Oltre alle critiche di Possenti contro Fukuyama, ce ne sono quelle degli autori postumanisti. Alcuni lo criticano perché egli accetterebbe il mito fissista della natura. Secondo questi autori, Fukuyama vorrebbe trasformare la
natura umana in un oggetto sacro da esibire in un museo, mentre loro vorrebbero permettere alla natura umana di proseguire il suo cammino evolutivo, favorendola mediante le tecniche biologiche a disposizione. Sempre secondo gli stessi
autori, la tecnologia, come qualsiasi altra realtà, si trova al servizio dell’evoluzione che va dall’animale al cyborg (l’individuo eterno, senza bisogno di riproduzione, perché ha sconfitto la malattia e la morte), passando per l’uomo mortale
che oggi conosciamo. Fukuyama risponde ad essi sostenendo che, sebbene talvolta potrebbe sembrare più umano agire in vista di una società perfetta, una specie di paradiso terrestre, le tragiche smentite della storia ci richiamano alla realtà:
l’utopia si trasforma facilmente in distopia, e il finale felice in un incubo senza fine. Se togliamo dall’esistenza la generazione, la sofferenza e la morte, il tipo di vita che risulta non è più umano.
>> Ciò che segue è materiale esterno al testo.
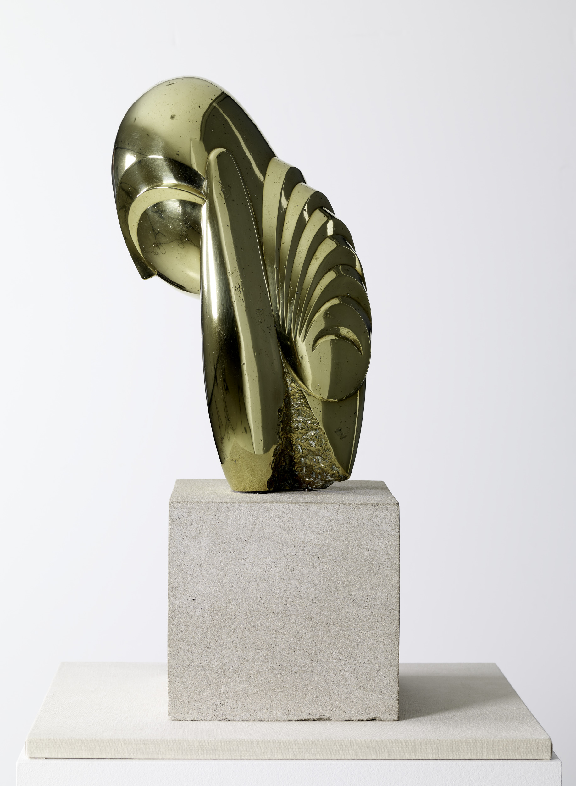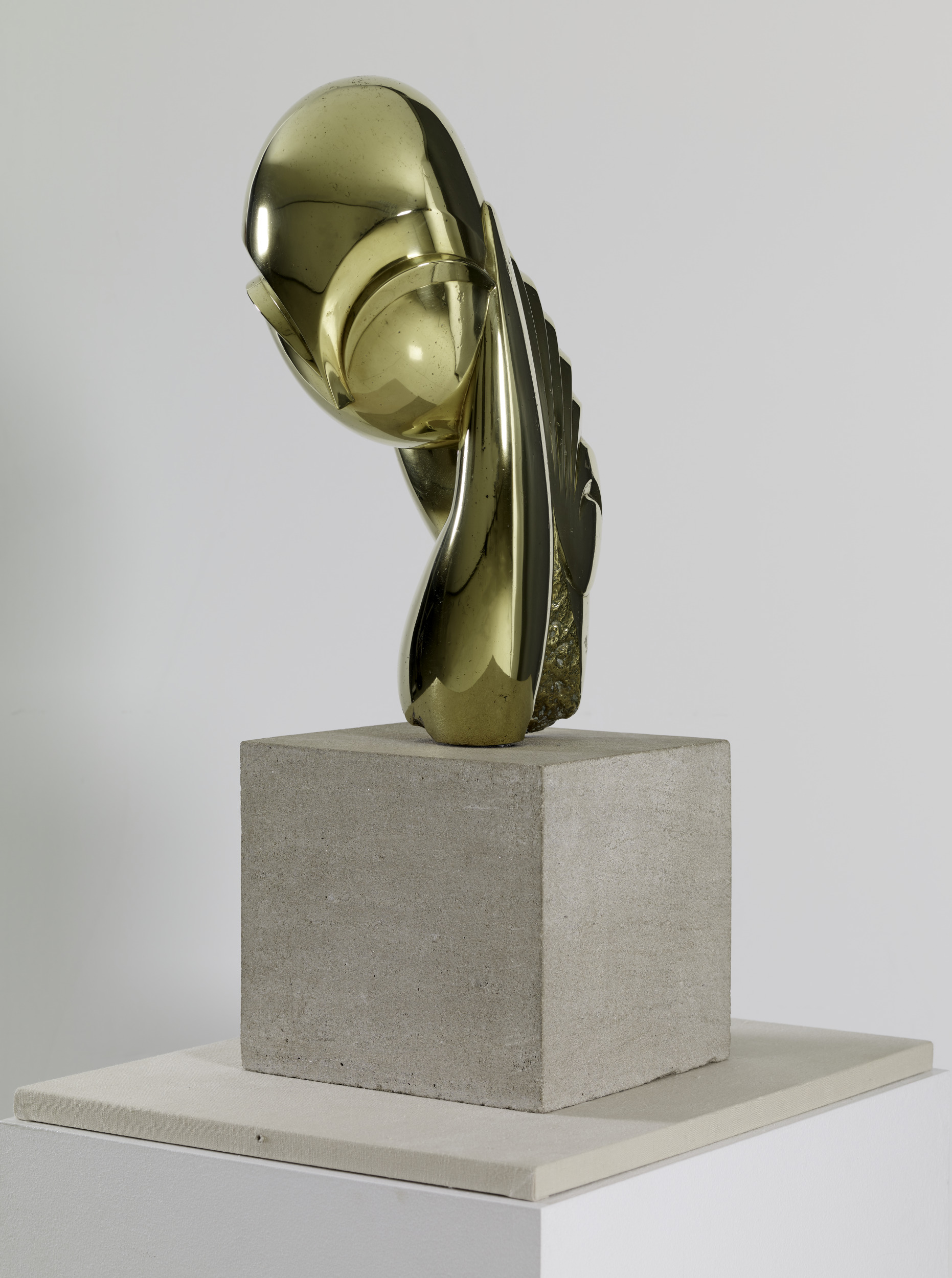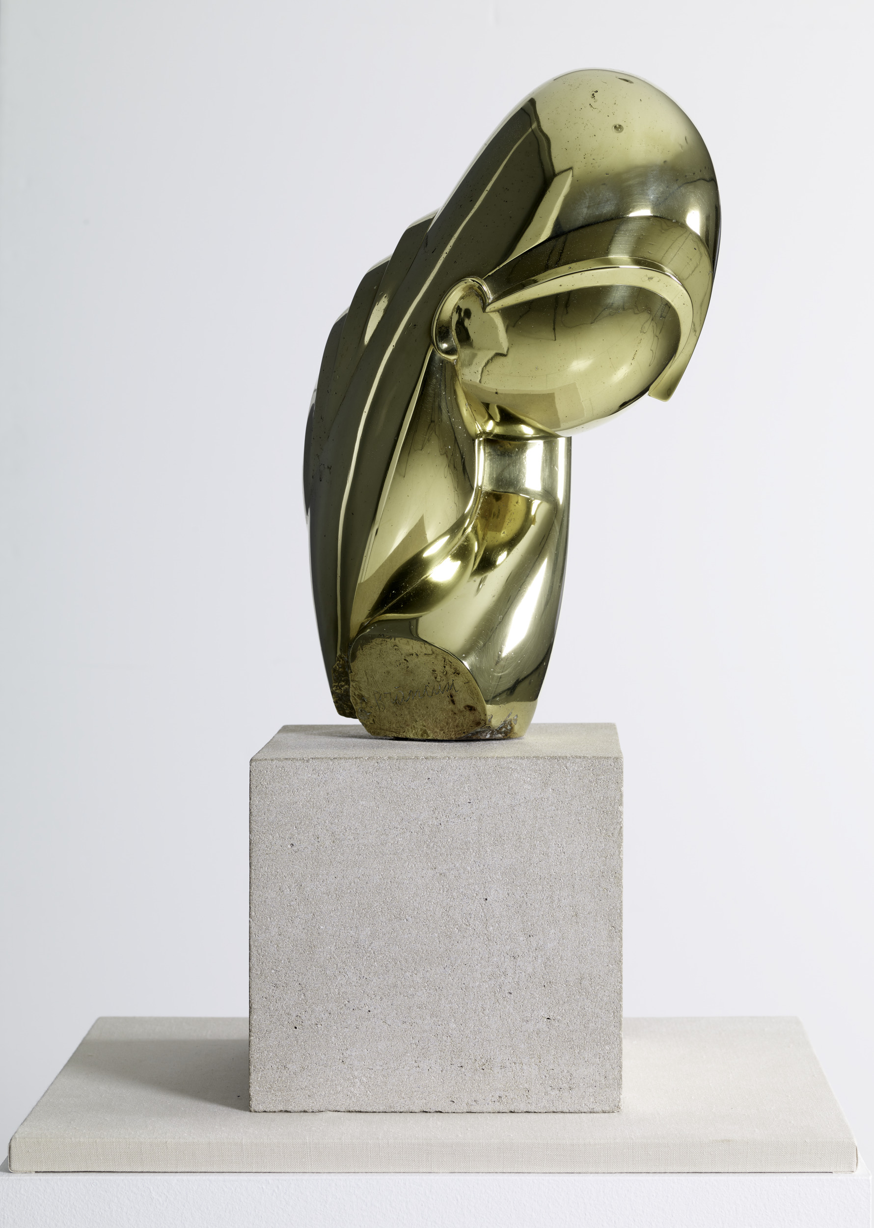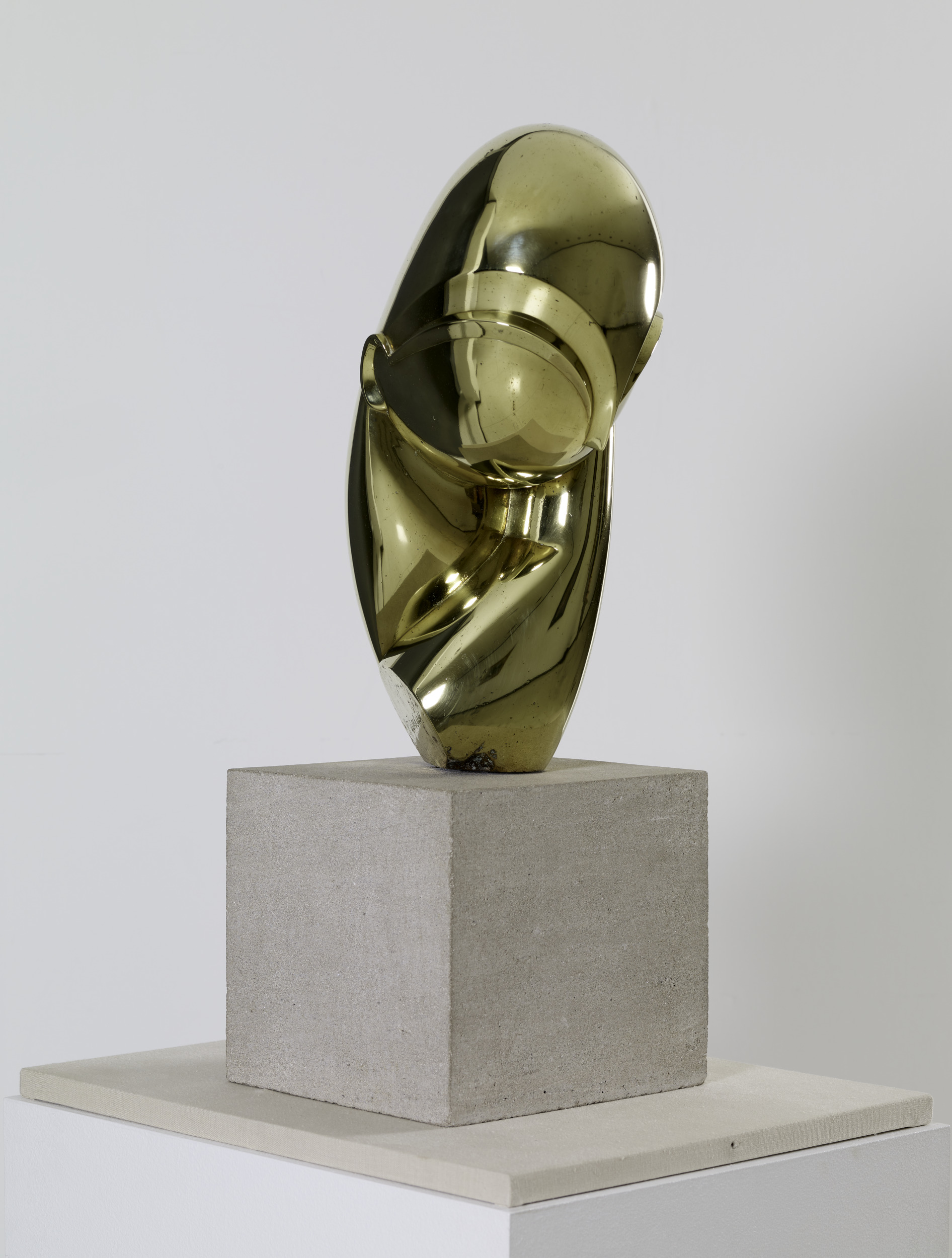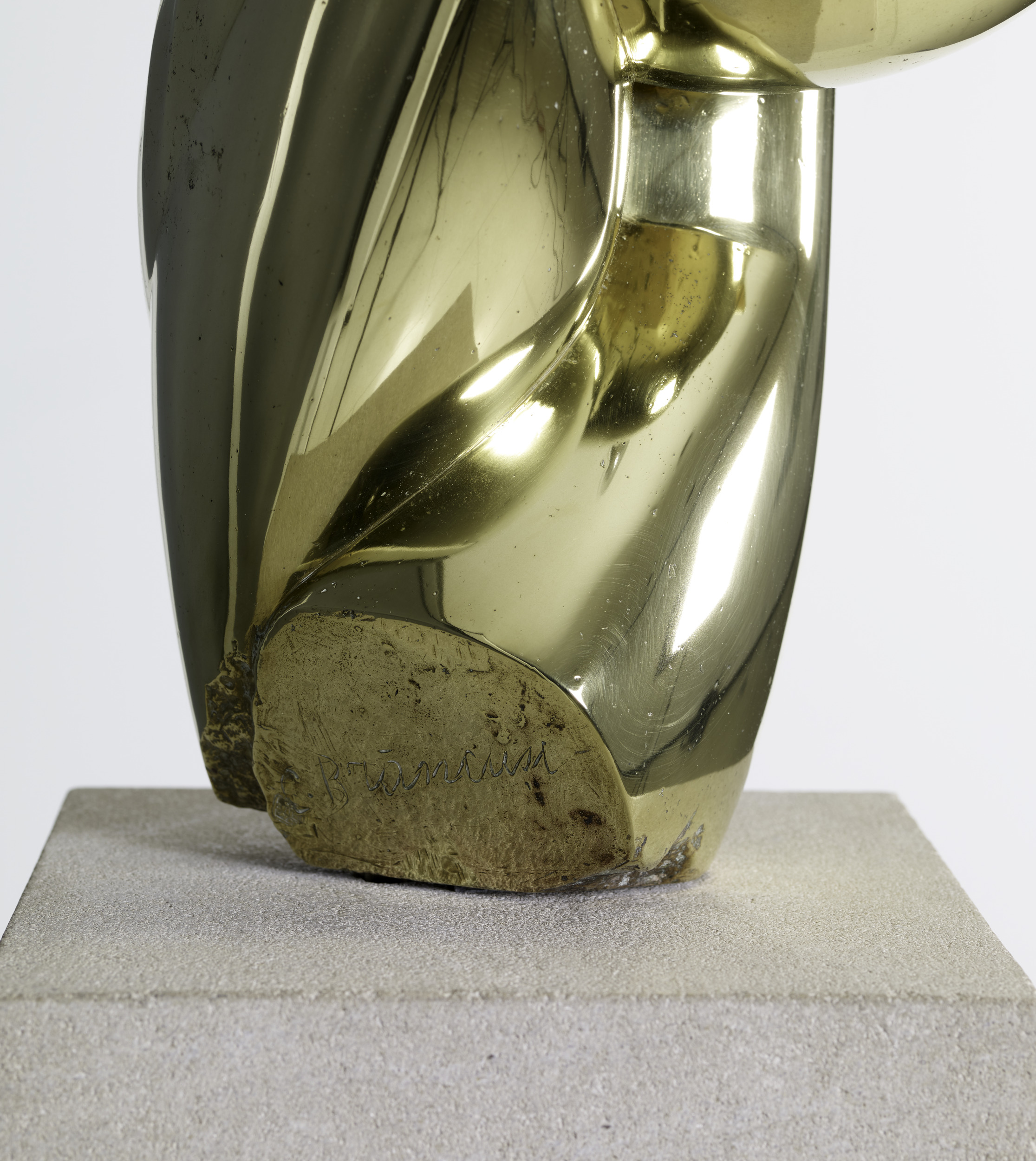 Constantin Brancusi’s gracefully restrained forms are recognized as one of the major sculptural developments of the early twentieth century. In Paris in 1910, Brancusi met this sculpture’s subject, the landscape painter Margit Pogány (Hungarian, 1879–1964). After Pogány visited Brancusi’s studio in Paris, she requested that he create her portrait and sat for him several times. Pogány later recounted how the portrait came to be: “Once I had to sit for my hands but the pose was quite different to that of the present bust, he only wanted to learn them by heart as he already knew my head by heart.” It was not until after Pogány returned to Hungary in early 1911, however, that Brancusi carved her likeness in marble from memory. A bronze cast was then made from the marble original. Seven years later, Brancusi created a second version of her portrait, both in marble and, as seen here, in bronze. The mannerist forms of Mademoiselle Pogany II are at once a statement of the inherent beauty of Brancusi’s medium and a representation of female beauty. Not unlike a caricaturist, Brancusi has simplified, and therefore emphasized, his subject’s features: large, almond-shaped eyes; severe brows; a slender nose; an ornate chignon of hair; and the demure gesture of hands resting against a chin.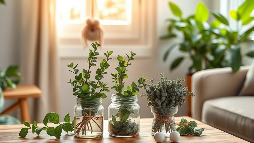 Indoor plants like mint, thyme, and lavender can serve as natural barriers against spiders by releasing scents that repel them. Placing these plants near windows, doorways, or in corners creates a continuous, subtle fragrance that deters spiders from settling indoors. These plants not only act as natural repellents but also enhance your home’s ambiance and air quality. To maximize effectiveness, you should: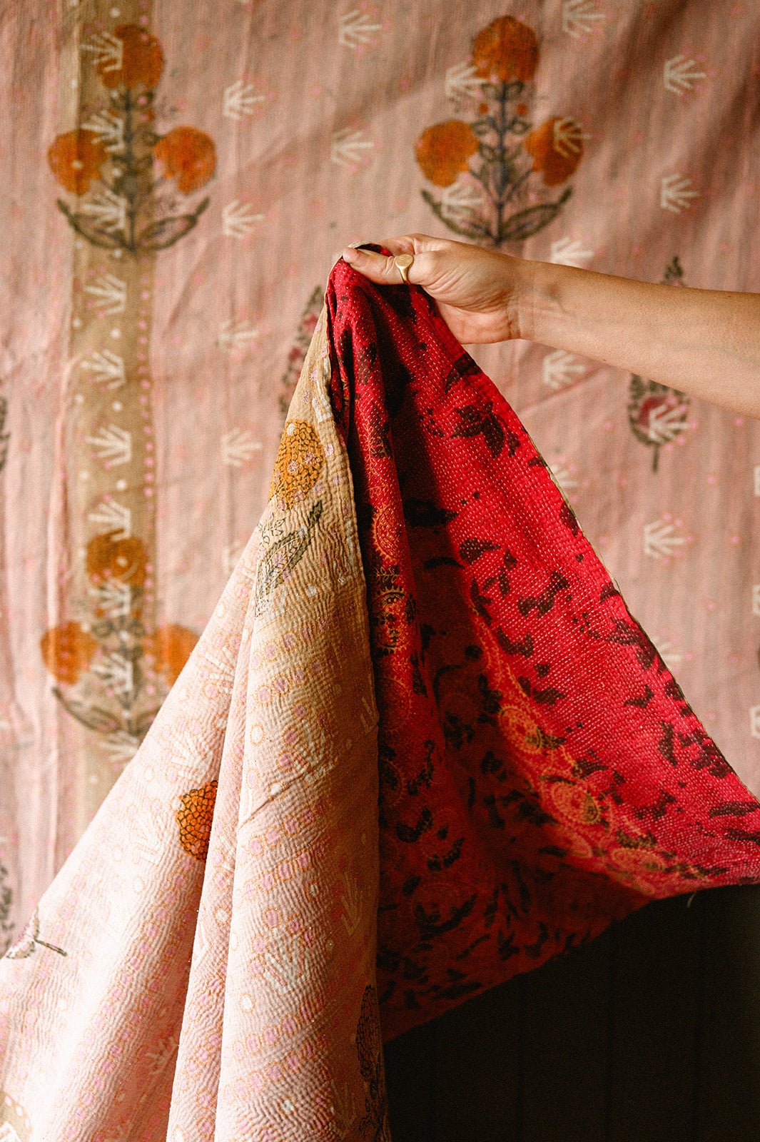 VINTAGE INDIAN HAND-PRINTED THROW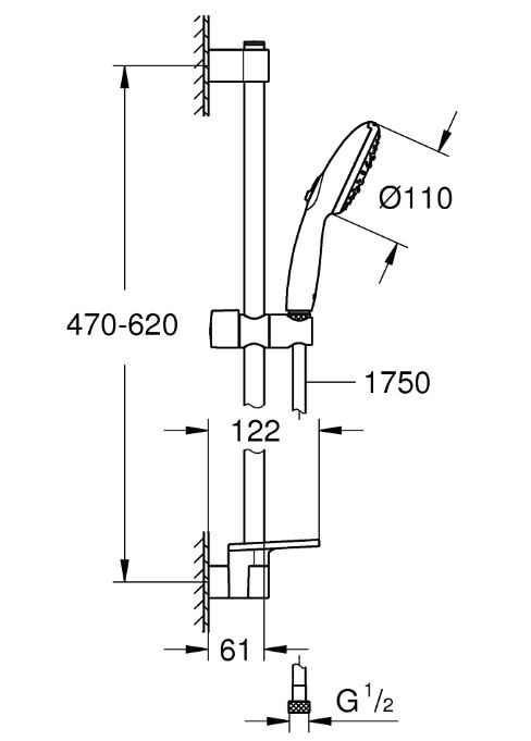 Tempesta 110 Душевой гарнитур, 3 режима струи, душевая штанга 600 мм, шланг 1750 мм, полочка, 13,5 л/мин, хром 27927003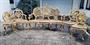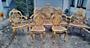 Slušný stav, před několika lety restaurováno. Rozměr: Sedačka 160x61cm, výška 123cm, výška sedáku 43cm, křesla 66x52,5cm, výška 105cm, výška sedáku 43cm, židle 45x44cm, výška 94cm, výška sedáku 43cm
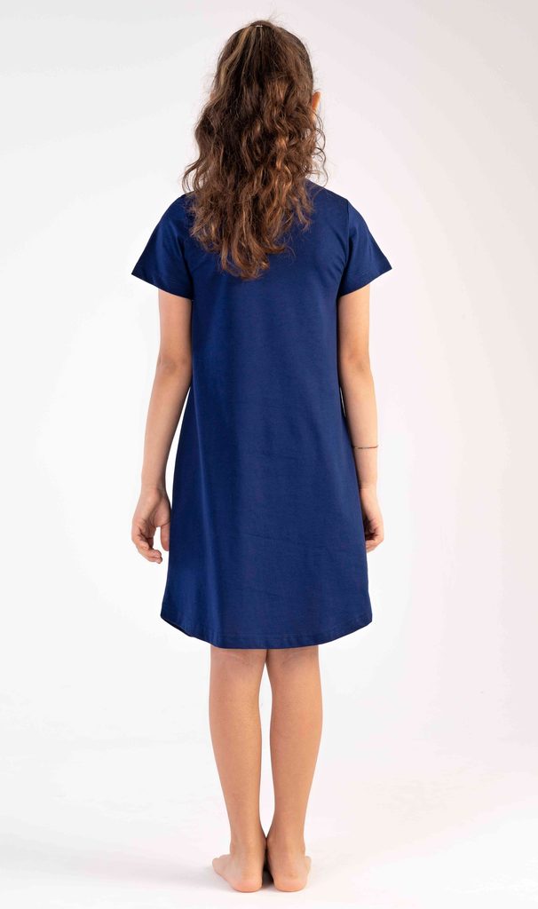 Dětská bavlněná noční košile s krátkým rukávem Motýlci. Na jednobarevné košilce s krátkým rukávem je obrázek tří motýlků. Použitý bavlněný materiál je poddajný a jemný na dotek.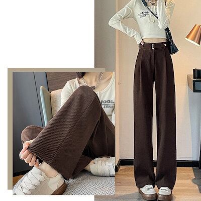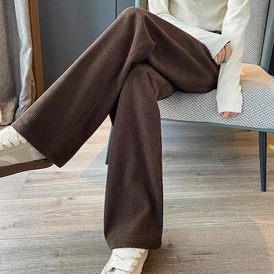 裏起毛 ワイドパンツ レディース コーデュロイ ロングパンツ ポケット付き パンツ ロング ストレート 秋 冬 秋冬 リブ 冬用 きれいめ 暖か 高身長 ワイド 厚手 ゆったり 大きいサイズ 小さいサ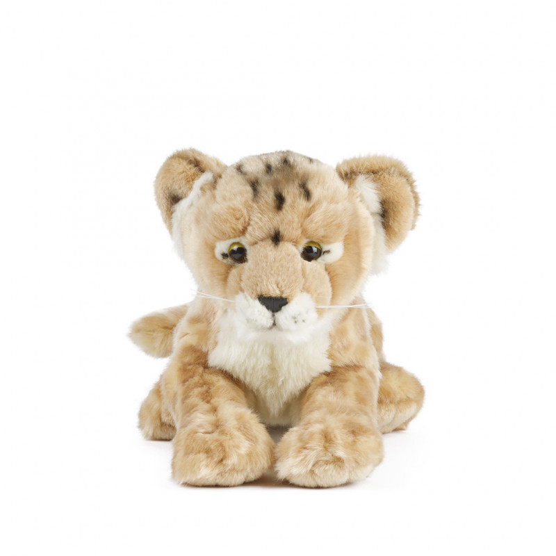 En riktigt söt lejonunge med naturtrogen utformning och ett vänligt uttryck. En riktig raring med ett gulligt och charmigt ansikte, gyllene ögon med stora pupiller, svaga mönster i pälsen som ska kamouflera den lite när den leker, detaljer i fluffig gräddvit päls och en mjuk samt kramgo kropp. Den här versionen av lejonungen ligger ner. En busig men lojal kompis i vått och torrt. Bör ej lämnas utan uppsikt i sängen hos små bebisar. . Storlek: ca H25 x B14 x D47 cm

Ci sono, però, altri postumanisti che accettano l’esistenza dell’umano, anche se non lo considerano una natura. Per loro, l’umano non è qualcosa di genetico e meno ancora di culturale, ma di trascendentale; non in senso
religioso, ma specifico. L’umano sarebbe ibrido dalle sue origini perché capace di dialogare con esseri eterospecifici, in modo particolare con altri animali. A partire da quest’ibridazione sarebbe possibile pensare un futuro in cui, al posto
dell’utopia, ci sarà l’eutopia (un luogo buono per l’umano), «che non è cura dell’esistente ma realizzazione del possibile partendo dall’esistente. L’eutopia non è preservazionismo ma il rendere possibile ovvero il liberare le energie che sono
presenti nell’isola-che-c’è ma vengono impedite nell’espressione »19. Perciò, sempre secondo questi postumanisti, la critica più azzeccata a Fukuyama non sarebbe accusarlo di difendere l’umano, ma un umano che continua ad essere
antropocentrico, in quanto esclude da sé il riferimento dialogico agli altri. Perciò, il vero postumanesimo sarebbe un «processo di decentramento dalla prospettiva antropocentrata, da quell’anthropos filogenetico che ne stabilisce il dettato
espressivo»20.
Ecco, allora, alcune delle domande antropologiche poste dal trans-umanesimo e dal post-umanesimo: come pensare un’antropologia che sia capace di spiegare questi cambiamenti? Come comprendere antropologicamente la
tecnologia? Che rapporto c’è tra l’umano e il tecnologico? Come vivere la propria condizione umana nell’epoca della tecnologia?

3. Origine e destino dell’umano

Forse, per dare una risposta, si dovrebbe partire dalla tesi secondo cui l’identità umana non è solo biologica ma anche culturale. Infatti, da una parte, la mancanza di specificazione del corpo umano (andatura bipede, liberazione
delle mani dalla locomozione, liberazione da istinti rigidi, possesso di organi fonatori, corteccia cerebrale molto sviluppata) fa sì che l’indagine biologica non sia sufficiente per determinare l’identità umana e il suo agire; dall’altra, le stesse
proprietà essenziali dell’homo sapiens (capacità di camminare, di usare strumenti, di parlare, di scegliere) hanno sempre bisogno della cultura per attualizzarsi.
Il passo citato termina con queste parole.